This post is mostly inspired by facts summarised at utf8everywhere.org.
Unicode is somehow complicated. There is a common misunderstanding about these things:
- there is not a simple direct mapping between graphemes (the user-perceived characters) and code points (the “Unicode”characters)
- UTF-16 is not a fixed width encoding - some code points are encoded into 2 and some into 4 bytes
There are some examples of this:
|Graphemes||Code points||UTF-8 bytes||UTF-16 bytes||UTF-32 bytes|
|1. Simple||a||61||61||00 61||00 00 00 61|
|2. Fullwidth||ａ||FF41||EF BD 81||FF 41||00 00 FF 41|
|3. Diacritic||č||10D||C4 8D||01 0D||00 00 01 0D|
|4. Diacritic - separate||č||63 30C||63 CC 8C||00 63 03 0C||00 00 00 63 00 00 03 0C|
|5. Ligature||ĳ||133||C4 B3||01 33||00 00 01 33|
|6. Separate||ij||69 6A||69 6A||00 69 00 6A||00 00 00 69 00 00 00 6A|
|7. Same grapheme||Ω||3A9||CE A9||03 A9||00 00 03 A9|
|8. Same grapheme||Ω||2126||E2 84 A6||21 26||00 00 21 26|
|9. Non-BMP||𝓃||1D4C3||F0 9D 93 83||D8 35 DC C3||00 01 D4 C3|
I looked up the information about the concrete characters using unicode-table.com. The code points in the table link to the information about the character on that site.
Each code unit is underlined separately. Each code point is encoded as:
- UTF-8 - 1-byte code units, from 1 to 6
- UTF-16 - 2-byte code units, 1 or 2
- UTF-32 - 4-byte code unit
UTF-16 and UTF-32 can be encoded as big or little endian. The table shows only the big endian variant (the most significant byte first).
All numbers are shown in hexadecimal form (even the code point numbers, where it maybe does not make any sense).
One grapheme as one code point encoded as 2 UTF-16 bytes. As we would expect.
The same grapheme, but looks slightly different (is wider). This is used with some East Asian characters to occupy the same width in fixed-width fonts.
The same, but for a less common and more complicated grapheme (with caron). We would expect this, too.
4. Diacritic - separate
Or we can use 2 separate code points to encode characters with diacritic:
- one for the base character (c) - blue color
- one for the diacritical mark (the caron) - red color
Note that this is the same grapheme (as users perceive it), but encoded in completely different ways. This can cause problems when comparing texts - the user would perceive them as equal, but the comparison of code points would tell that the texts are different.
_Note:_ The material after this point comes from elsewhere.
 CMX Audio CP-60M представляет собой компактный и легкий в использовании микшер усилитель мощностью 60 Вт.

A process called normalization exists to convert the code points to the same form, so they can be correctly compared.
These are 2 graphemes, which correspond to only one code point.
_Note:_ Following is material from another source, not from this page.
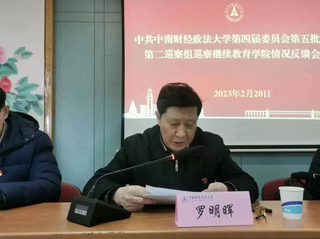 (通讯员 何正平)根据校党委统一部署,米兰电竞·(中国区)第四届委员会第五批巡察第二巡察组巡察继续教育学院情况反馈会于2月20日下午在首义校区中南楼608会议室举行。第二巡察组组长罗明晖、校纪委副书记、党委巡察办公室主任张文剑,校纪委办公室主任蒋涛、党校教务长兼党委组织部副部长向前、党委巡察办公室副主任潘丰文,第二巡察组副组长沈宏、李晓,继续教育学院领导班子及全体职工参加会议。会议由继续教育学院院长赵凯主持。

Of course, these graphemes (i and j) can be encoded separately, too - as two code points (blue and red). The separate characters look almost the same as the ligature.
7./8. Same grapheme
These look exactly the same, but are different code points, with different meanings:
- Greek letter Omega
- Ohm sign
This is the case where one code point is encoded as 4 UTF-16 bytes (instead of 2).
All characters which do not belong to the Basic Multilingual Plane (BMP) are encoded like this.
You can find other commonly used non-BMP characters in this post at Stack Overflow - see the “trans-BMP code points” part.